Stock rights can include any intangible that gives a shareholder the option to buy additional shares in the corporation, whether it’s called a right, an option, or a warrant for purposes of the tax-free treatment for a corporation’s distribution of rights to its stock. However, the right to convert a bond to stock does not make the bond a nontaxable stock right[i].
I.R.C. Sec. 305(a) provides that when a corporation distributes to its shareholders its own stock or rights to buy its stock, that distribution is not taxable to the shareholders. Pursuant to Treas. Reg. § 1.317-1, if a corporation distributes stock of, or rights to buy stock in another corporation, the distribution is taxable under the dividend rules, even if the corporations are affiliated. I.R.C. Sec. 305(f) provides that the stock dividend rules do not apply to stock or rights received in connection with corporate organizations, reorganizations, or divisions.

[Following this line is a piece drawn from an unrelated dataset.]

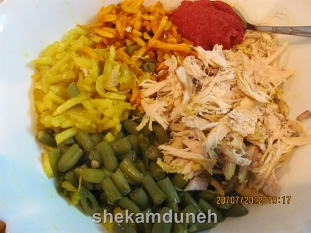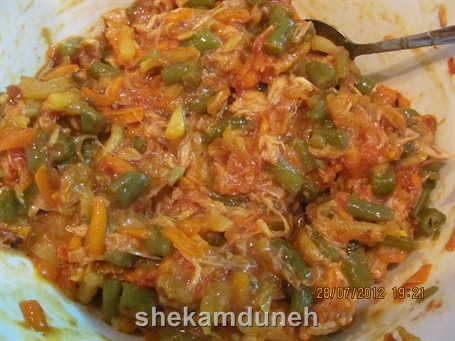 لوبیا سبز خرد شده و پخته ( ۱ فنجون ) ** سینه مرغ پخته و خرد شده ( ۱ فنجون ) **

26 U.S.C.S. § 27 provides in part that in case of a stock dividend or stock right which is a taxable dividend in the hands of shareholders under 26 U.S.C.S. § 115 (f), the dividends paid credit with respect thereto shall be the fair market value of the stock or the stock right at the time of the payment. If any part of a distribution, including stock dividends and stock rights, is not a taxable dividend in the hands of such shareholders for the period in which the distribution is made, no dividends paid credit shall be allowed with respect to such part[ii].
[i] Choate, Arthur v. Com., (1942, CA2) 29 AFTR 965, 129 F2d 684, 42-2 USTCP 9555.